If various economic agents experience an increased desire to accumulate financial savings and thus purchase more financial assets, then the cash flow from those agents into the asset market is matched dollar for dollar by the increased cash flow to the asset sellers. Does this increase or decrease demand, spending and output? The answer can't be deduced a priori. It all depends on which agents are buying financial assets and which ones are selling them, and what the ones who end up with more cash do with that cash.

NeilW said...

"and seek to save by buying productive machinery, factories, new houses, stock in growth oriented companies, etc., then the economy will grow."

That's not saving. That's real investment. Which is just more spending from an MMT monetary analysis point of view since it causes production and the money to pass onto the producer for another round.

You're using a different definition of 'save' than we are here which generally refers to storage in financial assets within the financial circuit. And that's just confusing everybody.

What happens in the real circuit is a different analysis and is where you drop into the Post Keynesian view - generally following Kalecki and a few others. At that point you look at the amount being spent on the various goods and services and the mix of that to see if you are creating enough of the right sort of capital.

NeilW said...

In other words it is pointless tuning the engine until you've fixed the oil pump problem and got enough oil circulating to eliminate unnecessary friction.

Concentrating on the oil pump problem, doesn't mean that you're not interested in tuning the engine.

hog said...

..., whether there is a high rate of saving or low rate of saving in an economy has nothing to do with whether net financial assets of the economy are somewhat negative, somewhat positive or exactly zero.

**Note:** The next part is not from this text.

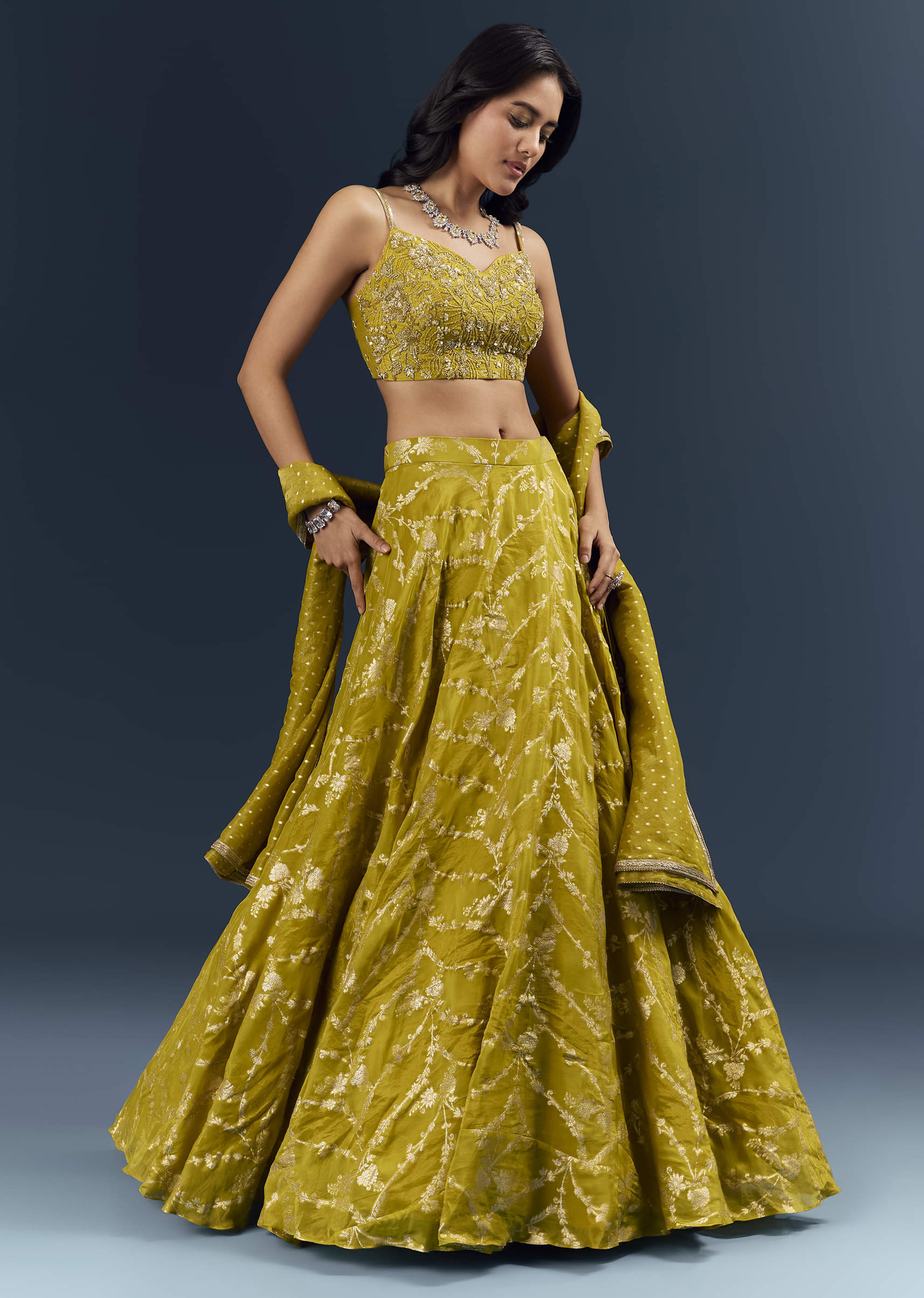 For a dressed look with character, this lemon yellow banarasi silk bridesmaid lehenga leans on artisanal detailing over a classic weave. Intricate hand work in sequins, beads, and lace traces... More Product Details

The net financial assets of the total economy is always 0, or do you mean just the non-government sector of the economy? How can the non-government sector financial assets ever net to 0 (or even less) without a currency collapse?

Anonymous said...

"That's not saving. That's real investment."

The economic definition of saving is income minus consumption, and it therefore includes real investment.

Random said...

Oh not arguments over the definition of 'saving' again.